Technology has the potential to provide immeasurable benefits in the world of education. Tech provides new pathways for students with all types of disabilities, whether they are physical, emotional, or mental disabilities (Moore & Diehl, 2018). It helps teachers work more efficiently by providing automation to many tasks that once added extra hours to their day, such as grading, record keeping, developing learning activities, and delivering lessons. The question then becomes, how to make the integration of technology into the classroom into a meaningful addition. Dr. Peunterdura developed the SAMR Model to provide “more meaningful uses of technology in teaching and move away from simply using ‘tech for tech’s sake’” (Walsh, 2015).

The first two levels of the SAMR Model, Substitution and Augmentation are considered merely “enhancing” lessons, by providing additional tools to make tasks simpler and to make slight improvements (Walsh, 2017). The second two levels, Modification and Redefinition provide a means to “transform” then entire learning process (Walsh, 2017). When teachers plan lessons in which technology modify or redefine the learning, then they are providing amazing opportunities for students to creatively express their understanding of the content in new ways. They are hitting many higher-order skills such as analysis and application (Walsh, 2015). These higher-order skill are critical components of the Standards (Common Core Learning Standards, 2021).
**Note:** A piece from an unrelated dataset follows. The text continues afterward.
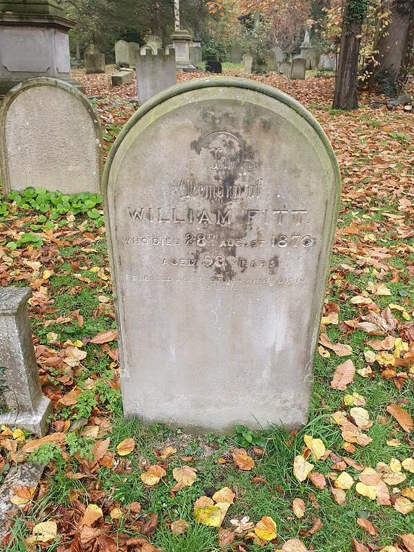 This is quite a simple gravestone, commemorating the life of William Fitt, who was born in 1822. Unfortunately, I’ve been able to find out very little about William, nor can I understand why his wife wasn’t listed on the gravestone.

The key to redefinition is that teachers plan activities that “were previously inconceivable without the use of technology” (Fastiggi, 2014). These activities provide students with the opportunities to create their own product to demonstrate their understanding of the material or to collaborate with others from around the world. In the modern world, where devices are redefining the way that people understand their world, integrating technology at the highest level is more important than ever before. Students must be prepared to meet the challenges of our technology-enhanced society and develop skills that will allow them to successfully compete in today’s global job market. Teachers must be prepared to ensure that they “use technology to expose students to the outside world” (Fastiggi, 2014). When teachers provide opportunities for students to transform their learning, then they are preparing students to survive and thrive in the modern world.

Original Activity

One of the best strategies to improve reading skills, is to practice reading. Students can simply read books, of any genre, based on their current reading level. Through the use of the Accelerated Reading program, students can take comprehension quizzes on the books they have read (Renaissance Learning, 2021). Students can also answer questions presented by the teacher, either orally or written, by identifying main points, characters, and events from the book. They can discuss the things that they might have liked, learned, or disliked about the book.

Redefinition Stage

When looking at the SAMR Model, the simple activity of reading a book and answering questions could be redefined as a video book report, that could be shared with the class, and beyond the classroom to the student’s family and friends. Once students have read the book, they can then use a web-based video program, such as Screencastify, to record themselves in a three-part video report (Screencastify, 2021). In the recording, students would be asked to provide a verbal introduction to the book, including title, author, the main theme, characters, and events. Next, the video would include the student reading the book on camera. For a larger novel or text, the student would just choose a single chapter to read, but for a shorter picture book, the student would read the whole book, while presenting any pictures to the camera.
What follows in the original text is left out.